WHAT YOU HAVE TO DO:
Repeat only the lines below from the one containing "Hello Kitty tee" through the one containing "Artificial Flower Door", inclusive, exactly as written.

RECORDS PROVIDED:
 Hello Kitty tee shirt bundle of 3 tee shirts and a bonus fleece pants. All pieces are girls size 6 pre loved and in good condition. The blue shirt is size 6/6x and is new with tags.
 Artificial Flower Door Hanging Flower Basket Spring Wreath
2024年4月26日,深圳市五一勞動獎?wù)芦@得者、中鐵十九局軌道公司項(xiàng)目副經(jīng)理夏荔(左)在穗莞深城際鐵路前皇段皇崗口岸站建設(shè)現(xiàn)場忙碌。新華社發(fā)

---

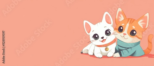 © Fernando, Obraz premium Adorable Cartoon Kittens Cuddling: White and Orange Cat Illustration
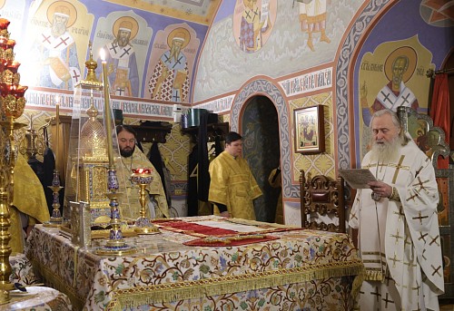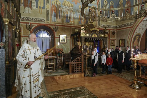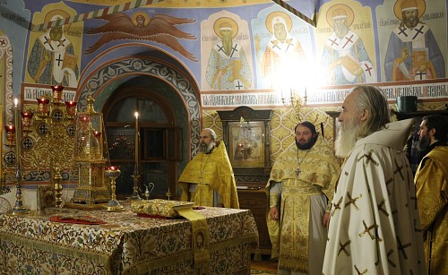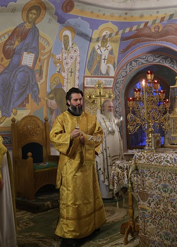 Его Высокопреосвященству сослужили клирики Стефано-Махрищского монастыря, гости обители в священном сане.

RESPONSE AREA:
 Hello Kitty tee shirt bundle of 3 tee shirts and a bonus fleece pants. All pieces are girls size 6 pre loved and in good condition. The blue shirt is size 6/6x and is new with tags.
 Artificial Flower Door Hanging Flower Basket Spring Wreath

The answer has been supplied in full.